Avoiding tobacco and alcohol, maintaining oral hygiene, and attending all scheduled follow-up appointments help reduce the risk of recurrence and a new primary cancer. Recovery of speech, swallowing, and dental function are important long-term goals, and support from speech therapists, dietitians, and dental specialists is often part of the care plan.

What happens after the diagnosis?

After diagnosis, your healthcare team reviews your pathology report, imaging studies, and overall health to develop a personalized treatment plan. The team typically includes a head and neck surgeon, a radiation oncologist, a medical oncologist, and a pathologist.

For most patients, surgery is the primary treatment — removing the tumor with adequate margins and assessing or removing lymph nodes in the neck. If the tumor has high-risk features such as positive or close margins, perineural invasion, extranodal extension, bone or deep muscle invasion, or a high depth of invasion, adjuvant radiation or combined chemoradiation is usually recommended after surgery.

For advanced, recurrent, or metastatic cancer, systemic therapies — including chemotherapy, targeted therapy (cetuximab), or immunotherapy (pembrolizumab or nivolumab for PD-L1-positive tumors) — may be considered.

Questions to ask your doctor

• Where exactly in my mouth did the cancer start, and what is the tumor size?
• What is the depth of invasion, and how does it affect my stage and prognosis?
• Was a worst pattern of invasion (WPOI) reported, and was WPOI-5 present?
• Was perineural invasion or lymphovascular invasion found?
• Did the tumor invade bone or the deep muscles of the tongue or floor of the mouth?
• Were the surgical margins negative?
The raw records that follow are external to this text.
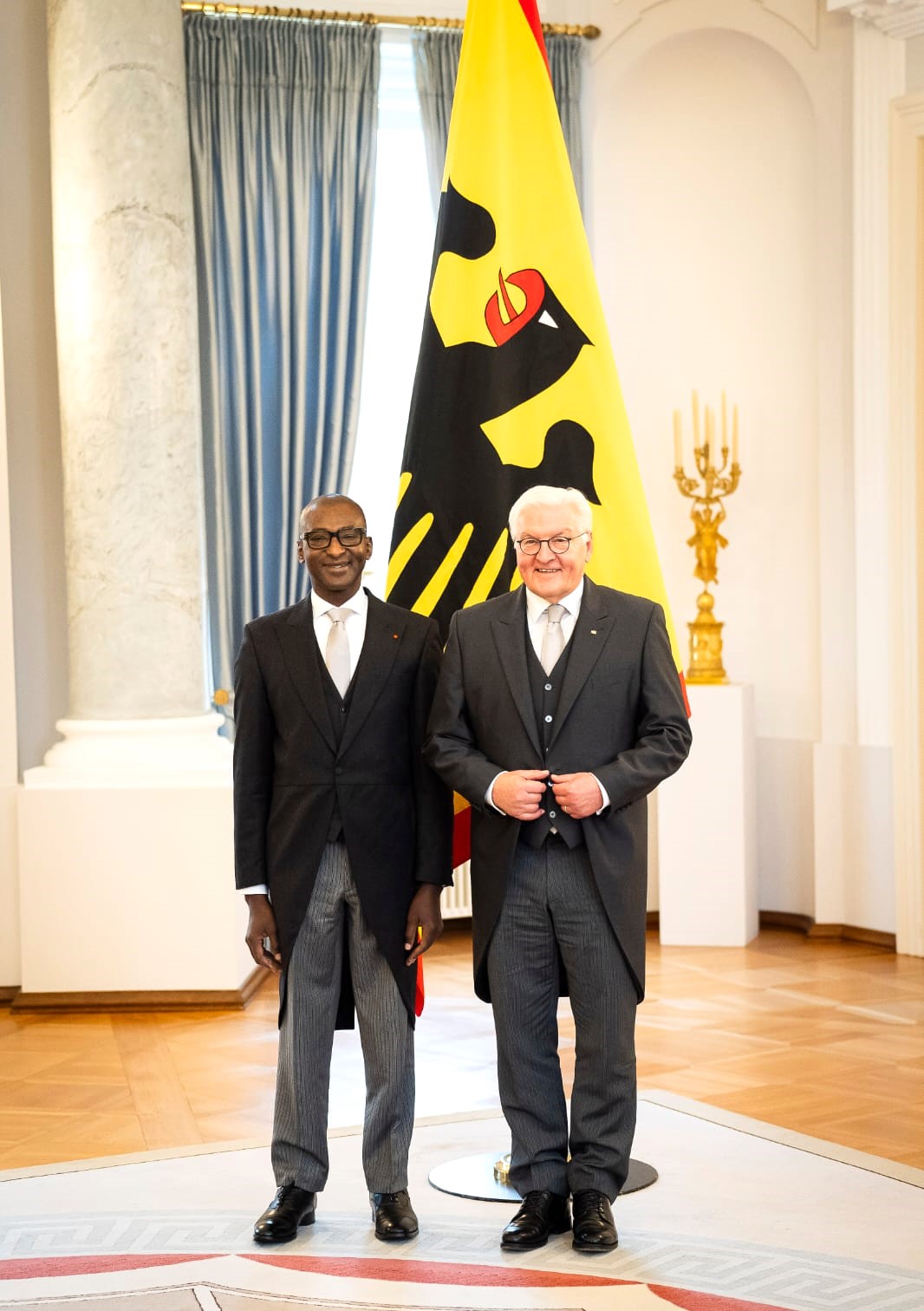 Son Excellence Monsieur Abdallah Azize Diabaté a présenté ses lettres de créance à Son Excellence Monsieur Frank-Walter Steinmeier, Président de la République fédérale d’Allemagne, en qualité d’Ambassadeur Extraordinaire et Plénipotentiaire de la République de Côte d’Ivoire près la République fédérale d’Allemagne avec résidence à Berlin, lors d’une cérémonie officielle qui s’est tenue le 22 novembre 2024 au Palais présidentiel « Schloss » (Château) Bellevue sis à Berlin.
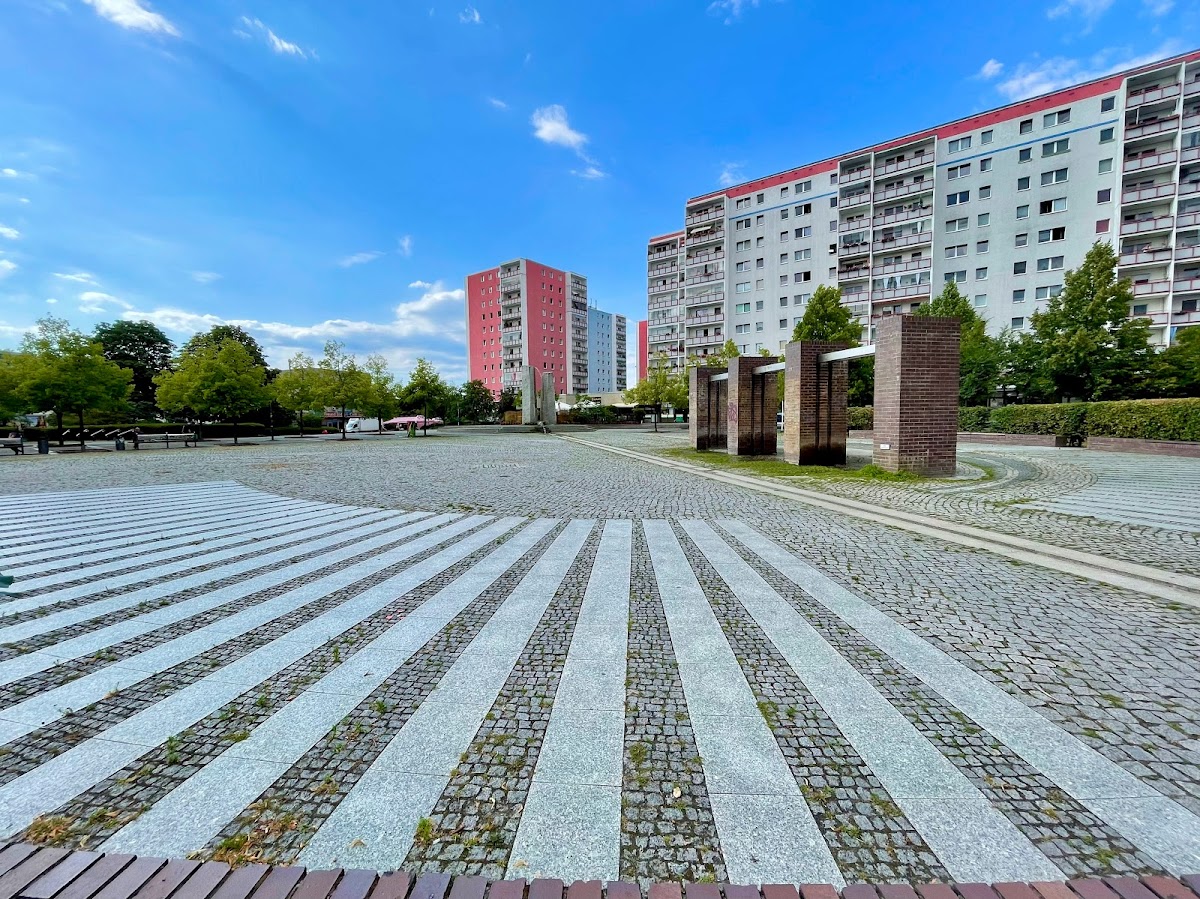 Liegt genau am U-bhf. KAULSDORF NORD, sehr schöner Platz mit zahlreichen Restaurants u Geschäften u einer Musikschule. ???? Leider wird derzeit der einst so schöne Wasserkreislauf abgerissen. Schade. :( ansonsten ein schöner Platz zum Erholen u pausieren.
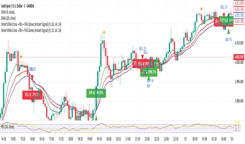 Smart 9-15 EMA Cross + RSI + FVG Zones (Instant Signal)
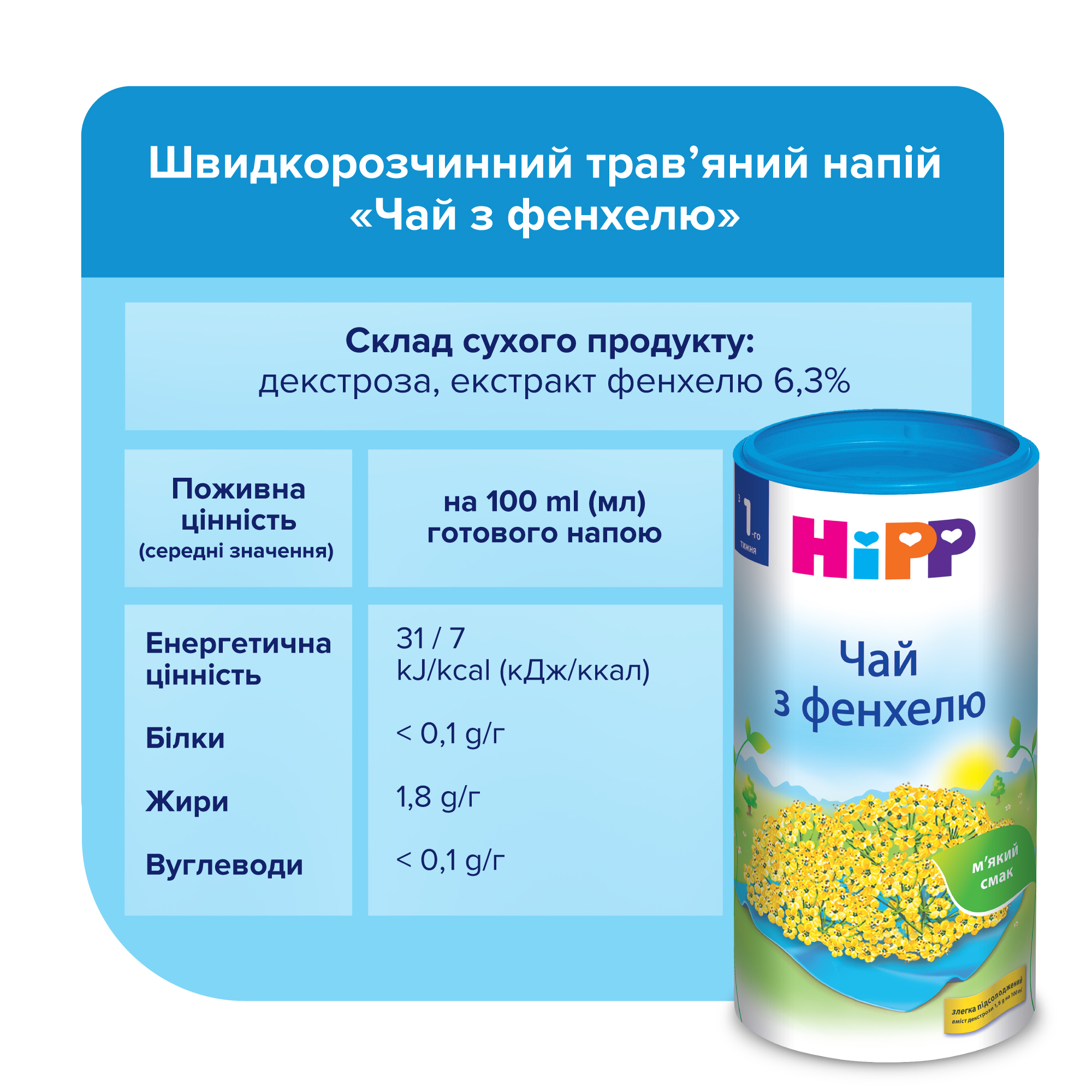 Кожен день ми Hipp кохаеєм, з фенхелем чай випиваєм. Кращий він,ніж пробіотик, ніколи не болить животик.
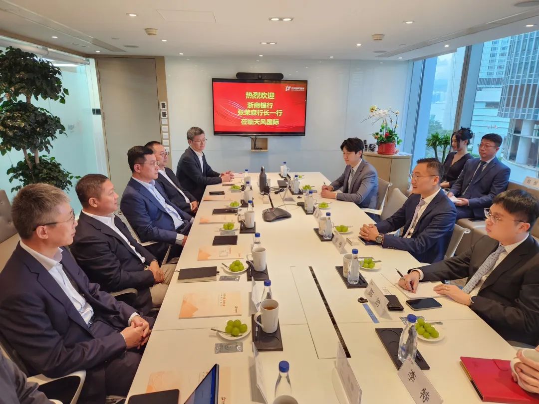 邹传行政总裁对张荣森行长一行来访表示热烈欢迎,并介绍了天风国际在债券发行、投资银行、资产管理等领域的发展成果和业务特点。他表示,天风国际是天风证券股份有限公司(以下简称“天风证券”)的全资香港子公司,也是湖北省属唯一境外金融平台。天风国际背靠湖北,立足香港,布局全球,旨在以全面、多元的专业服务,成为连接海内外资本市场的桥梁纽带,积极助力优质企业“走出去”和“引进来”。他强调,近年来两地金融行业发展迅速,中资企业在香港金融市场的发展空间亦愈发广阔。希望未来能与浙商银行携手,在跨境融资、债券投资等领域深入合作,进一步提升双方在各自领域的核心竞争力。
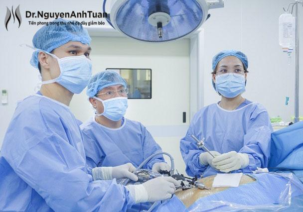 PGS.TS.BS Nguyễn Anh Tuấn cùng cộng sự thực hiện một ca phẫu thuật nội soi thu nhỏ dạ dày giảm béo.

Is additional surgery or radiation needed?
• How many lymph nodes were examined, and did any contain cancer?
• Was extranodal extension present, and does that change my treatment plan?
• What is my pathologic stage (pT and pN)?
• Was PD-L1 testing performed, and what was the CPS score?
• What treatment is recommended after surgery — radiation, chemoradiation, or systemic therapy?
• How will speech, swallowing, and dental health be supported during and after treatment?
• How often will I need follow-up visits and imaging?